**Exercise aim**
All of the data below should be set down again verbatim, without any images.

(Records from a data source)

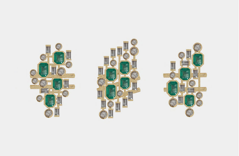 This exquisite bespoke ring has been meticulously crafted in recycled 18ct yellow gold, set with the clients inherited emeralds and diamonds.
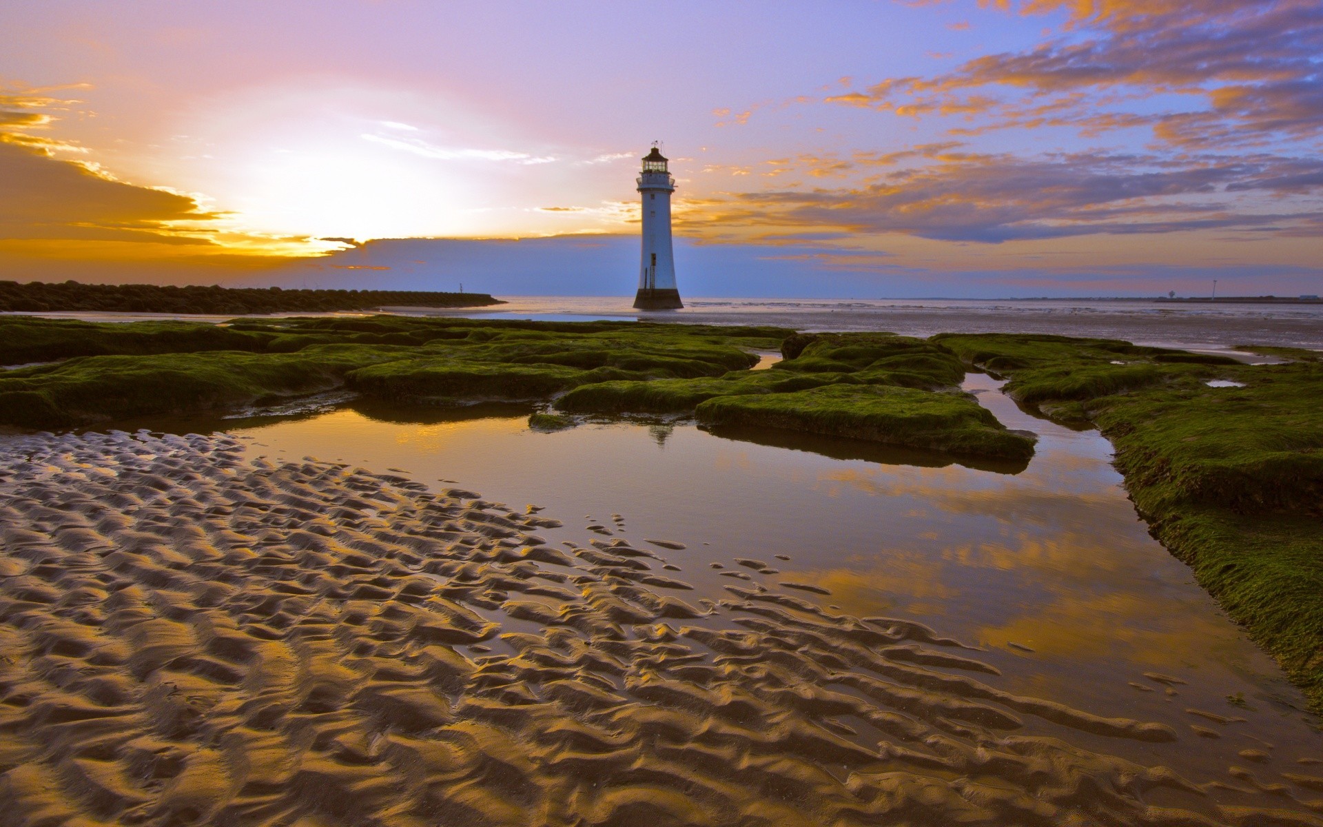 Ein einsamer leuchtturm, der bei sonnenuntergang von wasser und grüner vegetation umgeben istEin einsamer Leuchtturm, der bei Sonnenuntergang von Wasser und grüner Vegetation umgeben ist
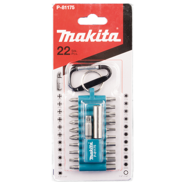 Bitssett i praktisk belteklips. Settet inneholder TX, PH, PZ og hexagon bits. I tillegg en magnetisk forlenger og 1/4" adapter.
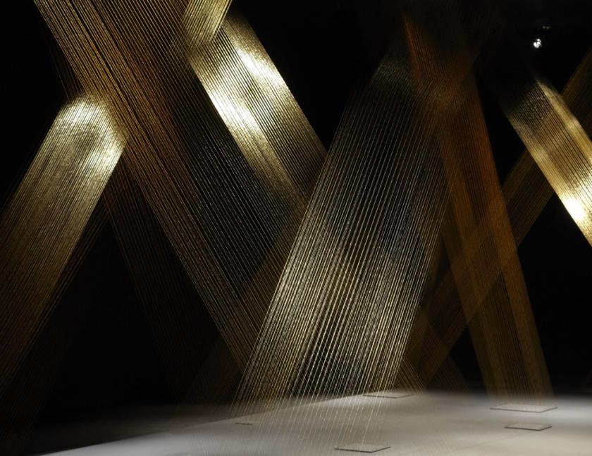 As you walk around them, the threads visually overlap to produce shimmering moiré patterns. The structure is extremely simple, but rather than diminishing its impact, figuring out how it is done only enhances its mesmeric effect. The installation is titled Web and weaving threads of light through space is a recurring theme in the work of Brazilian artist Lygia Pape, who died in 2004 aged 77, just as she was gaining the international recognition she deserved.
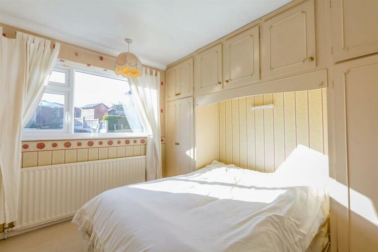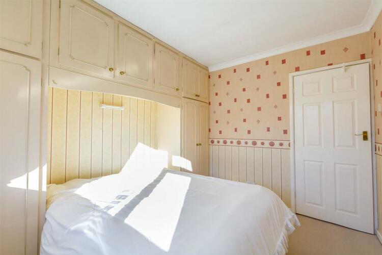 Double glazed window to the rear overlooking the rear garden, radiator, coving, and a range of fitted wardrobes with matching overhead storage cupboards.
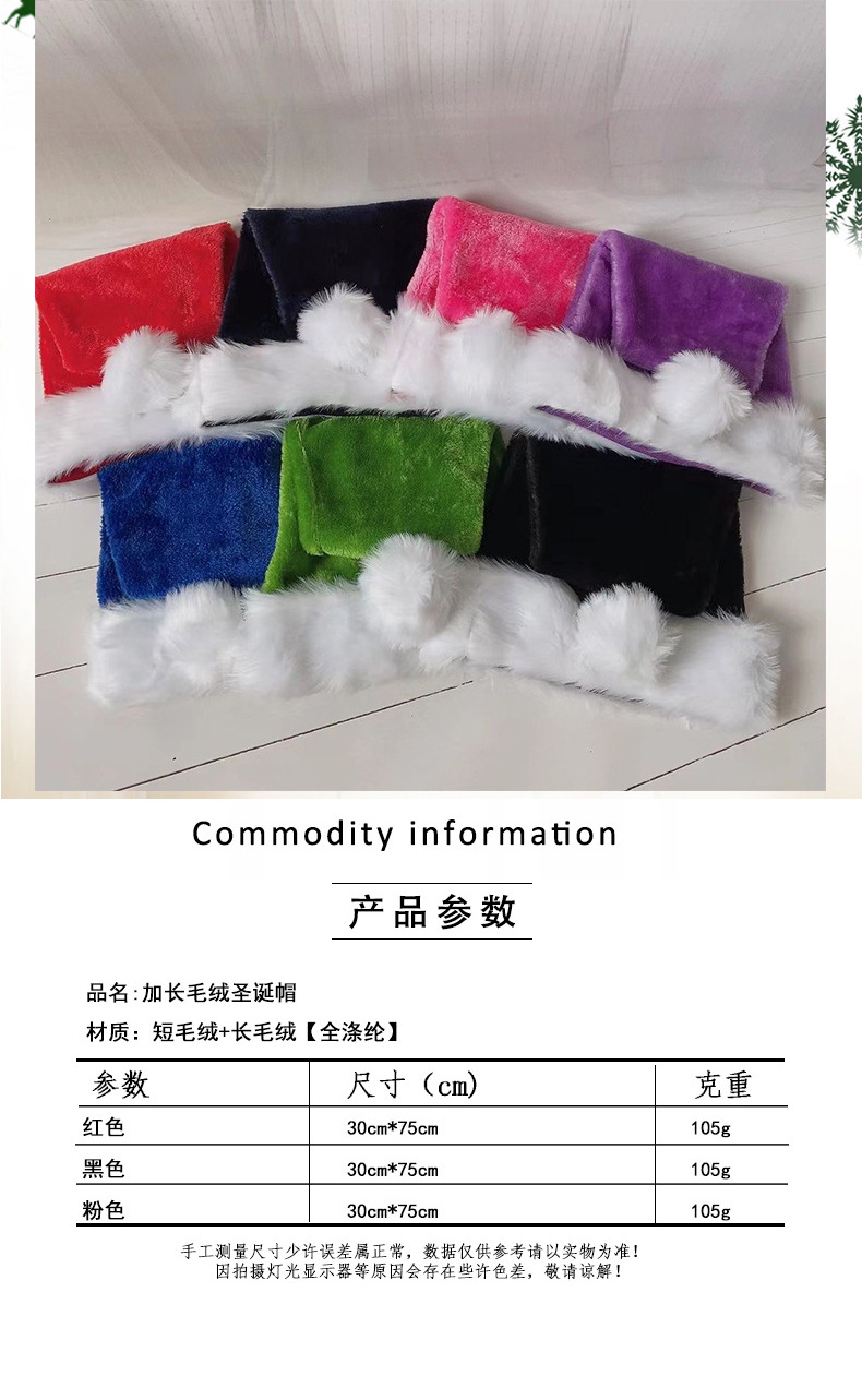 Sombrero de Navidad de felpa alargada de 75cm Sombrero de felpa para adultos Sombrero de Navidad opcional multicolor Sombrero de Navidad largo personalizado
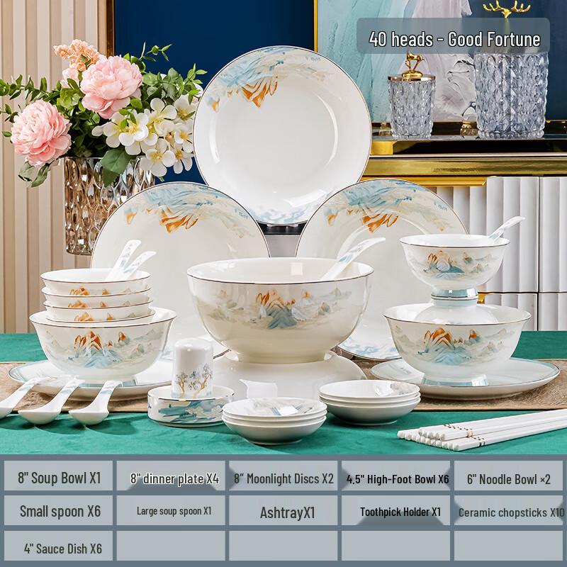 Чжи Ши Благоприятный Набор Столовой Посуды из 40 Предметов

**Task response**
 This exquisite bespoke ring has been meticulously crafted in recycled 18ct yellow gold, set with the clients inherited emeralds and diamonds.
 Ein einsamer leuchtturm, der bei sonnenuntergang von wasser und grüner vegetation umgeben istEin einsamer Leuchtturm, der bei Sonnenuntergang von Wasser und grüner Vegetation umgeben ist
 Bitssett i praktisk belteklips. Settet inneholder TX, PH, PZ og hexagon bits. I tillegg en magnetisk forlenger og 1/4" adapter.
 As you walk around them, the threads visually overlap to produce shimmering moiré patterns. The structure is extremely simple, but rather than diminishing its impact, figuring out how it is done only enhances its mesmeric effect. The installation is titled Web and weaving threads of light through space is a recurring theme in the work of Brazilian artist Lygia Pape, who died in 2004 aged 77, just as she was gaining the international recognition she deserved.
 Double glazed window to the rear overlooking the rear garden, radiator, coving, and a range of fitted wardrobes with matching overhead storage cupboards.
 Sombrero de Navidad de felpa alargada de 75cm Sombrero de felpa para adultos Sombrero de Navidad opcional multicolor Sombrero de Navidad largo personalizado
 Чжи Ши Благоприятный Набор Столовой Посуды из 40 Предметов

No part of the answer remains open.